Toutes les régions à l’international profitent à l’expansion du groupe, notamment sur les marchés brésiliens et russe où il est fortement présent. A l’inverse, les experts estiment que PSA est trop exposé aux marchés en difficulté, comme l’Italie ou l’Espagne. "Si l'on retranche les ventes en Chine et en Iran qui ne contribuent pas ou peu au CA et au résultat opérationnel, PSA est le groupe le plus euro centré, là où la croissance est la plus faible", commente François Maury, expert chez Oddo Securities.

Difference de mix produit

Renault profite aussi à plein du positionnement de sa marque low cost dans les pays à bas coûts. Dacia se taille un franc succès au Brésil, deuxième marché du groupe avec un bond de 34% des ventes de la citadine Sandero.  En Russie, Renault enregistre un doublement des ventes de Sandero et une hausse de 37% pour la berline Logan.

Son expansion dans ces deux pays pourrait même s’accroître encore, le groupe comptant sur le lancement de nouveaux produits, comme le 4x4 Duster. "Le Duster devrait être un formidable outil de conquête quand il sera lancé d’ici à la fin de l’année au Brésil, Argentine, Russie et en Inde, souligne Florent Couvreur. Je pense que ce produit convient par excellence à ce type de marché : peu cher, robuste, 4x4, pour un design intéressant."

Un positionnement que son concurrent français n’a pas choisi. PSA n’a pas joué la carte du low cost et voit son positionnement commercial trop basé sur les véhicules de milieu de gamme. Il est aussi certes monté en gamme avec notamment la DS ou le RCZ, mais ces ventes Premium ne représentent encore que 17% du chiffre d’affaires. Soit pas assez pour jouer dans la cour des BMW ou autres marques allemandes aux marges rentables.

Aucun pronostic pour 201

S’appuyant sur ses résultats du troisième trimestre, le groupe Renault se veut même rassurant sur les prochains mois et malgré les incertitudes macro économiques. Elles n’auraient, selon le directeur financier Dominique Thormann, "eu aucune incidence notable sur la demande d’automobiles". Le groupe voit le marché français en baisse de 3% pour l’année 2011 avec un marché mondial en hausse de 3%.

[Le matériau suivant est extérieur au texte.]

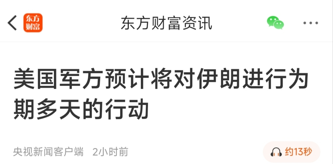 #强势机会# #伊朗遭袭引爆全球避险潮!国际油价大涨# #社区牛人计划# $长城军工(SH601606)$ $航天彩虹(SZ002389)$ $中航沈飞(SH600760)$ @股吧话题 @社区精选 @东方财富创作小助手
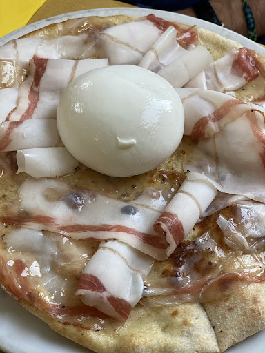 Alla Pizzeria Locanda del Muré sono finalmente riuscito ad assaggiare la Pizza 🍕 dopo vari tentativi perché trovato sempre il locale completamente pieno senza posti a disposizione senza attesa. Peccato per il parcheggio perché si trova in una zona molto trafficata a ridosso di una strada per trovare un parcheggio bisogna fare una cinquantina di metri e andare in una piazzetta lì allora riuscire a trovare un posto per l'auto. Il locale si presenta abbastanza grande e unico non suddiviso su altre stanze c'è una ottima stufa che scalda tutto l'ambiente e lo rende ancora più caldo e accogliente. Passiamo ai piatti: mi sono incuriosito nel voler assaggiare la farinata con il lardo che è stata davvero spettacolare : quantità giusta : un quarto della dimensione e con leggerissime fette di lardo tagliate molto fini è stata forse la farinata con Lardo più buona e leggera che ho assaggiato. Ho scelto poi una pizza 🍕 al Mattone (non al tegamino perché c'è anche la possibilità di fare questa scelta) : Preferisco il forno a legna ma devo dire che anche se non c'era i piatti arrivati sul mio tavolo erano ok. La pizza non era affatto male, anzi, materia prima fresca un bell'impasto leggero cotta bene. Voto 7. Anche il servizio devo dire veloce e preciso puntuale poca attesa. Dolce: ho scelto il Bunet: leggero delicato, piacevole.
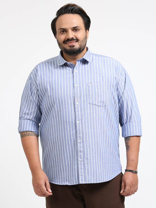 Gandia Aqua Blue Plus Size Stripes Shirt
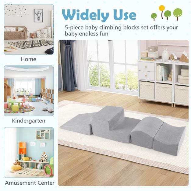 Are you looking for a comfortable indoor home gym for your kids? This 5-piece climbing block set will be an ideal choice. The playset has 5 pieces for kids to combine different shapes or structures for hours of fun, which burns kid's energy. The skin-friendly fabric cover and soft sponge create a safe and comfortable playing environment for 3+ years old kids. The removable and machine-washable covers are also easy to clean. It doesn't have any sharp edges or a rigid structure, ensuring higher safety. More importantly, it is also EN71 compliant and CPSIA certified.
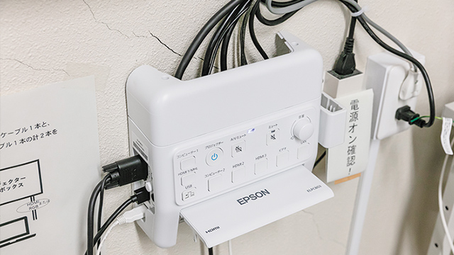 壁掛けプロジェクターを手元で操作でき、他機器との接続・切り替えを容易に
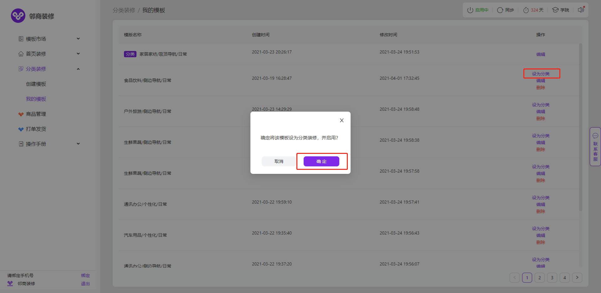 3.2.7 在保存的分类模板中,点击设为分类并确定启用,即可成功启用改分类模板
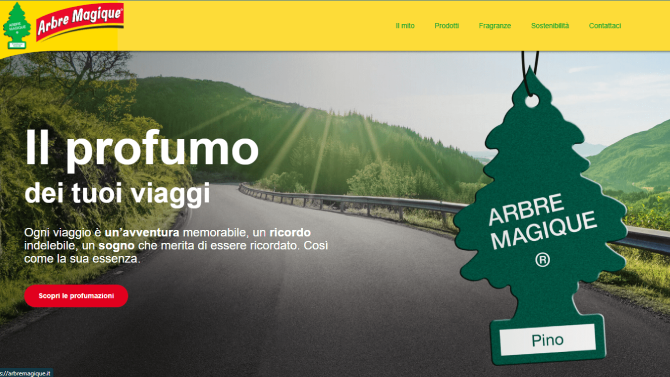 Il nuovo portale Arbre Magique® ha come protagonista il profumo, l’ingrediente principe dell’iconico profumatore d’auto. Il nuovo sito nasce dall’esigenza di fornire agli utenti un’esperienza immersiva nel mondo del profumatore che da sempre risponde alle esigenze dei suoi consumatori.
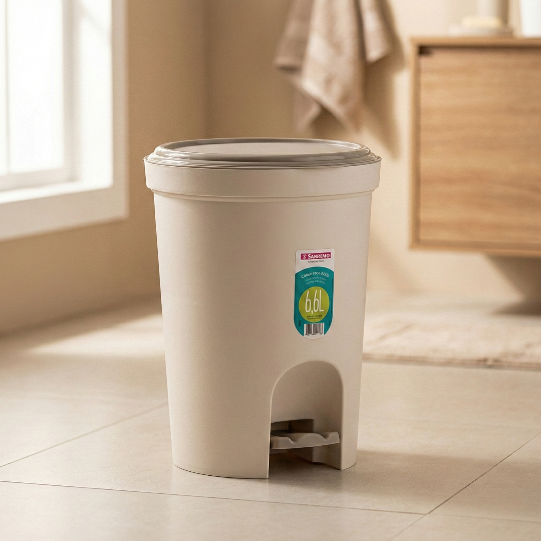 Mantenha a higiene e a organização do seu ambiente com a Lixeira com Pedal 6.6L Sanremo. Compacta e discreta, ela é a escolha perfeita para banheiros, cozinhas pequenas ou escritórios, oferecendo um sistema de pedal que permite a abertura da tampa sem o uso das mãos, garantindo muito mais praticidade e evitando o contato direto com o lixo.
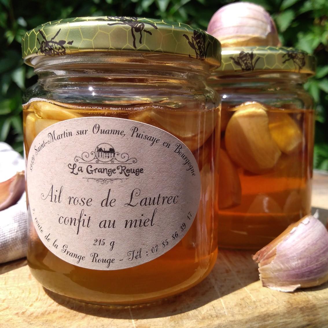 Ingrédients : Ail rose de Lautrec AOP, miel d'été de la Grange Rouge. Chaque pot contient environ une tête d'ail.
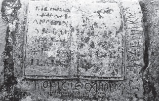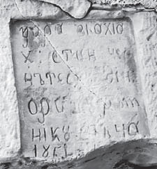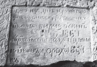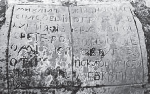 Рядом на том же камне надпись почти что вся сбитая, предположительно на болгарском языке.
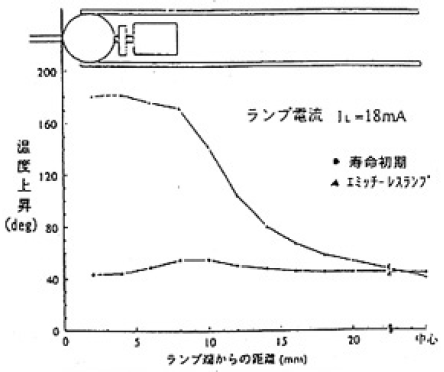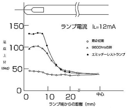しかし、寿命末期には冷陰極動作に移行し、陰極降下電圧の上昇を生ずる。その結果、ランプ電圧、ランプ電力が上昇し、電極付近の管壁温度が上昇する。 熱陰極動作を維持する時間はランプ電流によっても、またフィラメントコイルの線径によっても異なるが、ランプ電流13mAで約8000時間、20mAで約6000時間である。寿命特性を第5図に示す。なお、陰極動作に移行してもスパッターの発生は少なく、輝度維持率60%でみれば10000時間をクリヤーする。ランプ電流が大きい場合は、ランプ電圧の検知、ランプ電流付近の管壁温度の検知等による安全対策が必要となる。この点では、熱陰極蛍光ランプの属性を持ち合わせている。φ4.1セミホット蛍光ランプのランプ電流12mA流した時の管壁温度上昇を第6図に示す。エミッターレスを寿命末期と想定すれば管壁の温度上昇は約135deg.である。9600時間での温度上昇は約100deg.。135deg.に比較して低いのは、残っているエミッターがγ作用で機能するためと考えている。ランプ電流18mA流した時の管壁の温度上昇を第7図に示す。陰極動作に移行したと仮定したエミッターレスランプで電極付近の管壁温度上昇は約180deg.である。
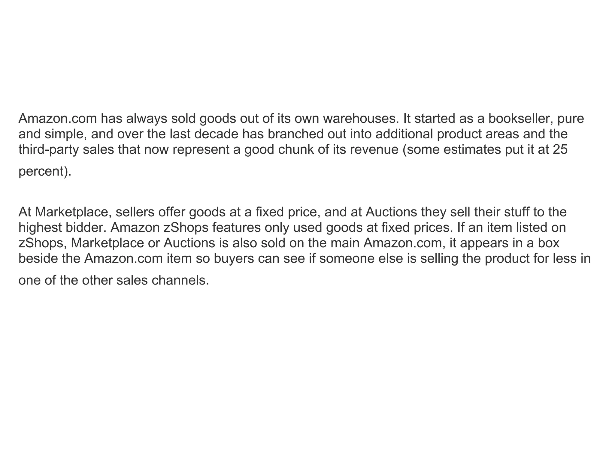 Amazon sells goods both directly from its warehouses and through third-party sellers on its Marketplace, Auctions, and zShops platforms. It features over 9 million square feet of warehouse space globally to store and fulfill orders. Amazon also personalizes the customer experience by providing recommendations tailored to individual buyers based on their browsing history.
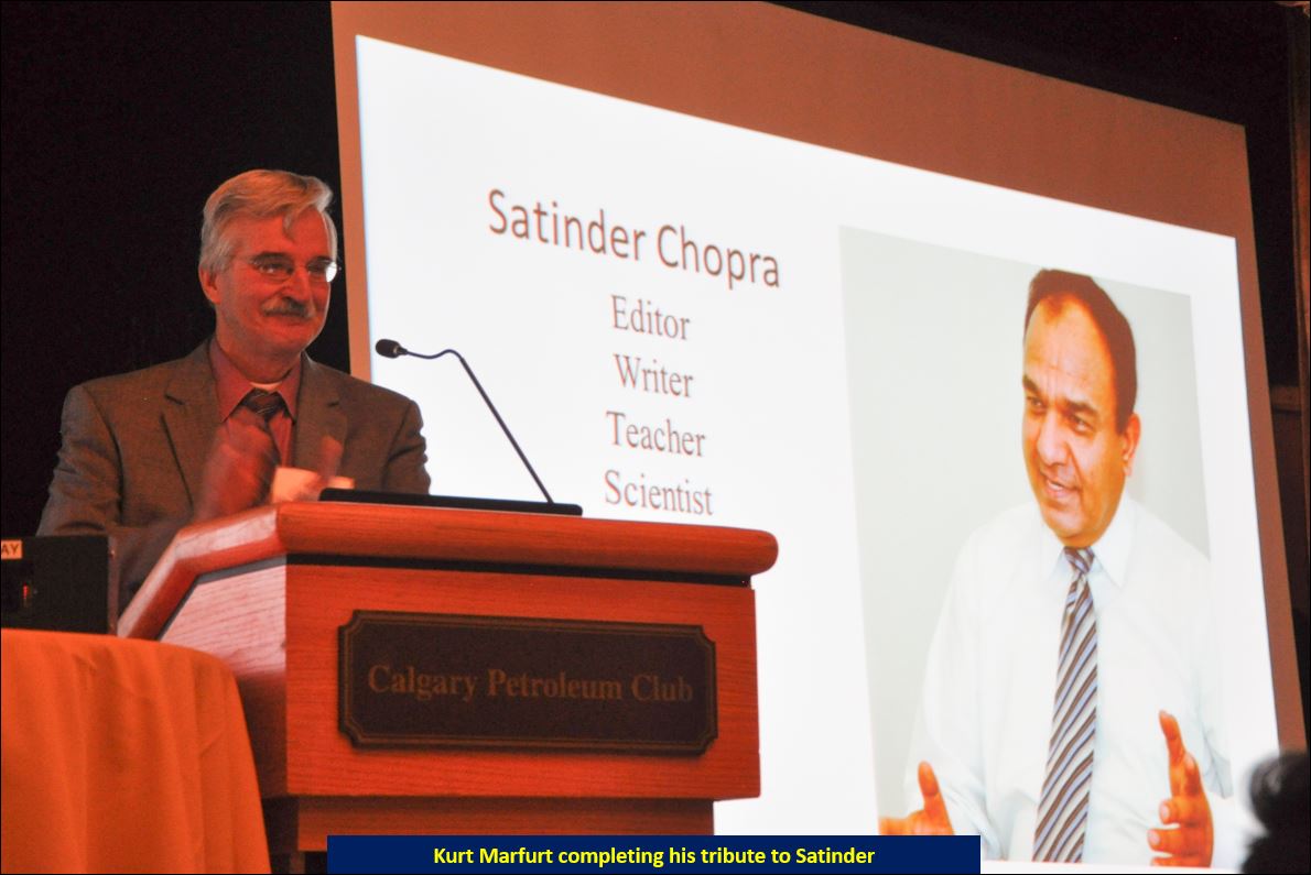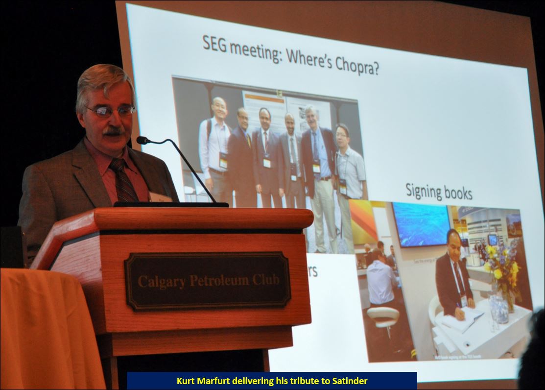 Besides the talks, a tribute is given to the honouree as a sign of respect and admiration for his/her accomplishments. Such tributes are useful for the upcoming geoscientists so that they get to know and learn from the professional lives of the honourees. The tribute this year was given by my good friend, Kurt Marfurt.

De quoi permettre à Renault de confirmer son objectif de réaliser des ventes et un chiffre d’affaires en 2011 supérieurs à ceux de 2010. Mais pour 2012, le constructeur se refuse à tout pronostic, évoquant avant tout le lancement de la production dans la nouvelle usine de Tanger de trois modèles dérivés de la plateforme Dacia.

Une attitude qui là encore tranche avec celle de PSA, qui a abaissé mercredi ses prévisions annuelles et a annoncé pour 2012 de nouvelles mesures d'économies qui vont se traduire par des suppressions de postes.